The next part of his journey has Liam struggling with this new great loss in his life. He meets Eunice, a significantly younger, frumpy woman, who works as an assistant and caregiver to an elderly businessman suffering from memory loss. She calls herself his “external hard drive”. Liam and Eunice are drawn together by the individual needs and voids in their lives. He, in search of a caregiver is ever so attentive to her every word and thought. She, lost and lonely and searching for the connection with someone who truly listens to and needs her.

Liam is surrounded by women in his life; his second wife and daughters, who become frustrated by his detachment and each in their own way mother him. All but his youngest daughter who on some level gets him and relates to him.

I always “got” my father in a way most didn’t. He once told me he felt I was the most like him. In many ways that’s a great thing and in some, it’s an aspect of who I am that I am working to improve and grow.
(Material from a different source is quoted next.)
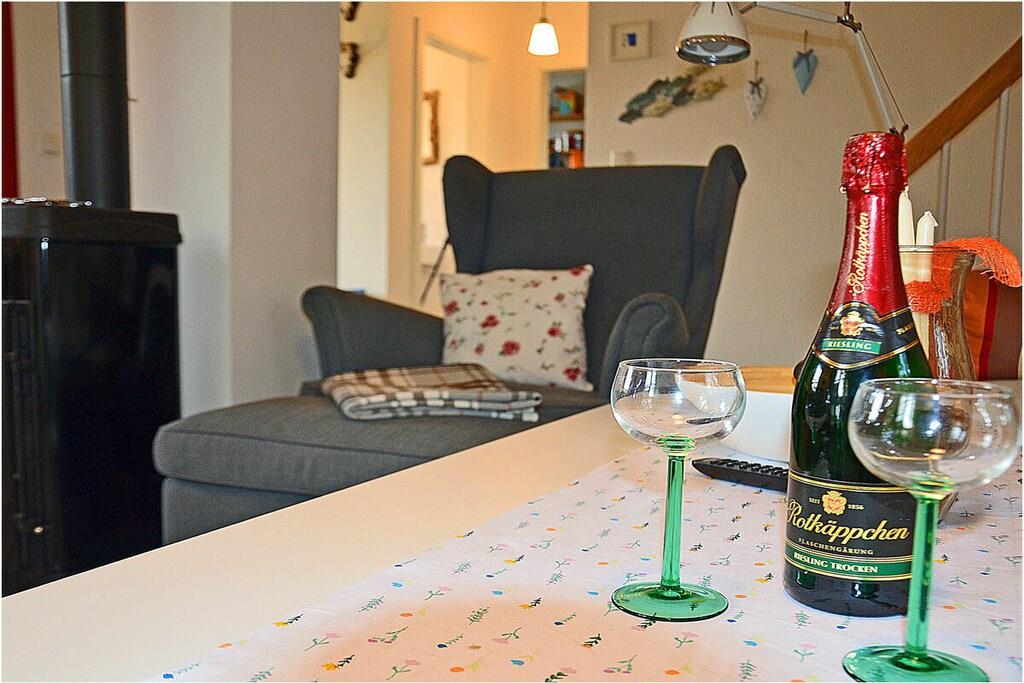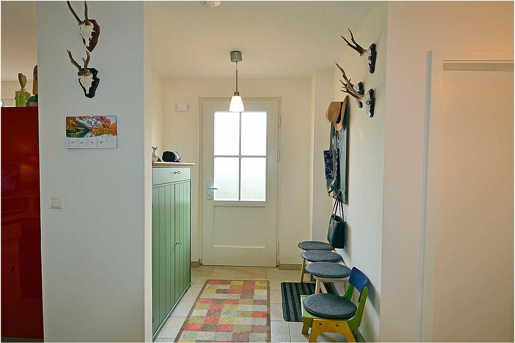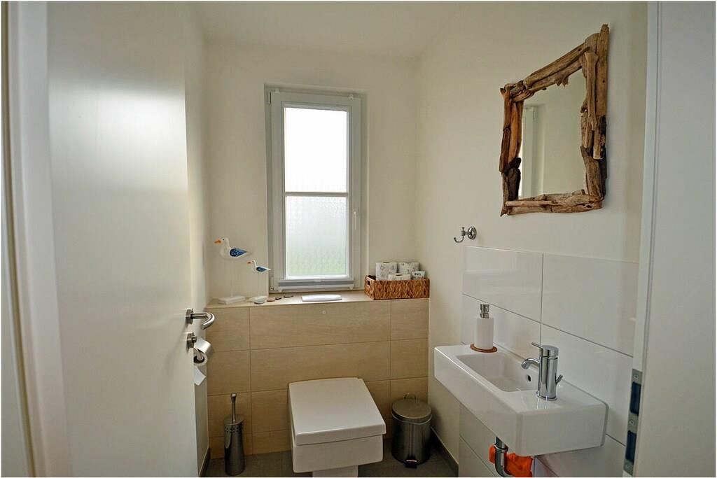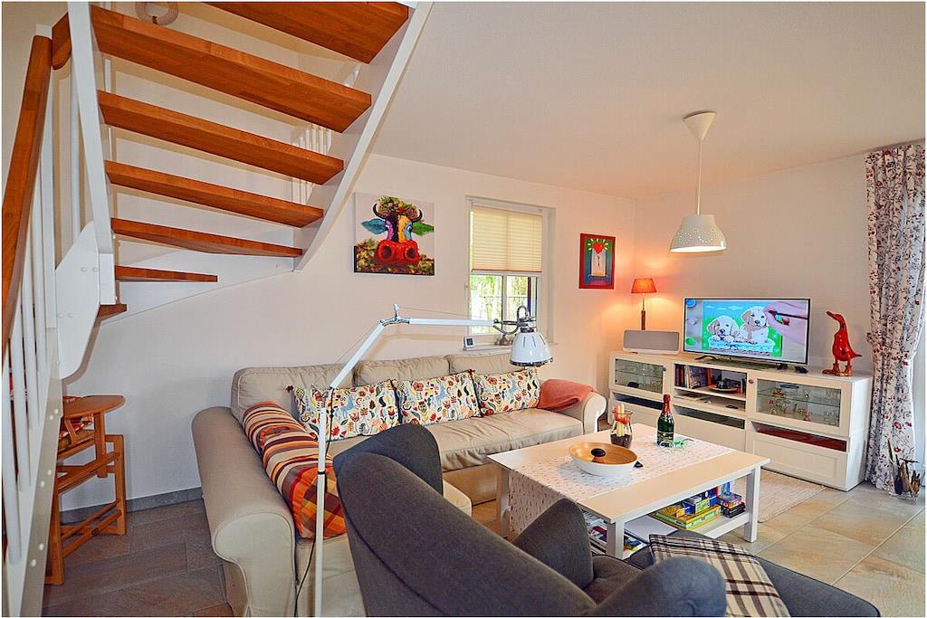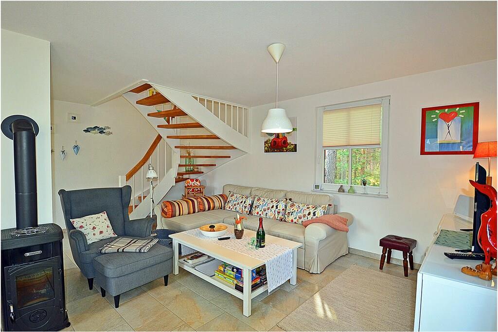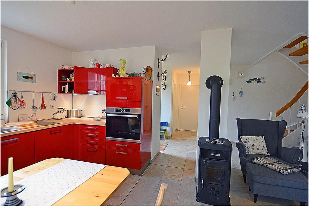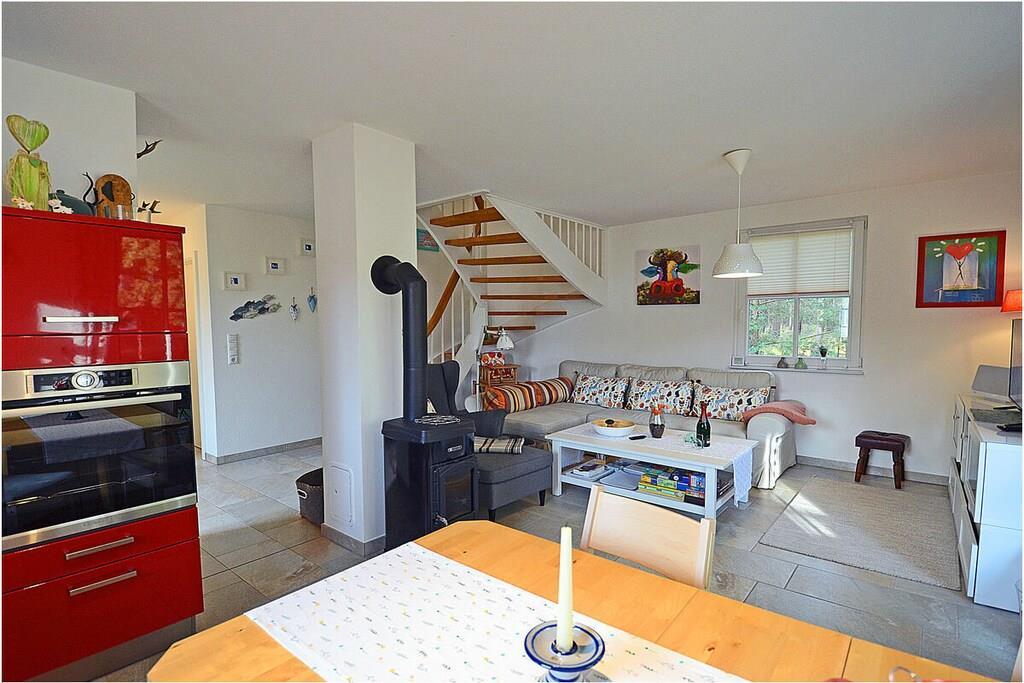 Erdgeschoss: großzügiger Wohn- Essbereich mit gemütlicher Couchlandschaft, Kaminofen, TV/ Sat (Flatscreen), Radio, Gesellschaftsspiele, DVDs` und Bücher für gemütliche Abende, offene komplett ausgestattete Einbauküche mit 2- Plattenherd (Induktion), Backofen, Kühlschrank mit großem Dreier-Gefrierfach, Geschirrspüler und diversen Elektrogeräten, Saunabereich mit ebenerdiger Dusche, separates Gäste-WC, Wirtschaftsraum mit Waschmaschine, Staubsauger und Wäscheständer Obergeschoss: 1. Schlafzimmer mit Doppelbett (2 Matratzen je 90×200), Sideboard und Kleiderschrank, 2. Schlafzimmer mit 2 Einzelbetten (ausziehbar 180×200) und Kleiderschrank, großes Bad mit ebenerdiger modernen Dusche, Treppenschutzgitter oben und Kinderhochstuhl vorhanden, Außenbereich: Terrasse mit Gartenmöbeln (4 Gartenstühle und 2 Liegestühle), Sonnenschirm, Tischgrill mit Beistelltisch, 2 PKW Stellplätze direkt am Objekt, überdachte verschließbare Fahrradabstellmöglichkeit (Gartenhaus) vorhanden, Schaukel für die Kleinen

I didn’t love this book because of an exceptional story. I loved this book because of an exceptional character. A character who because of some of his similarities to my own father, allowed me to see the texture of his unshaven face and feel the sadness as he would sit alone in a room or struggled with his failed memory. I connected with Liam, not as an equal but as someone I knew in a different way. Someone I loved and someone I wish had the chance to have had more fulfillment in his own life.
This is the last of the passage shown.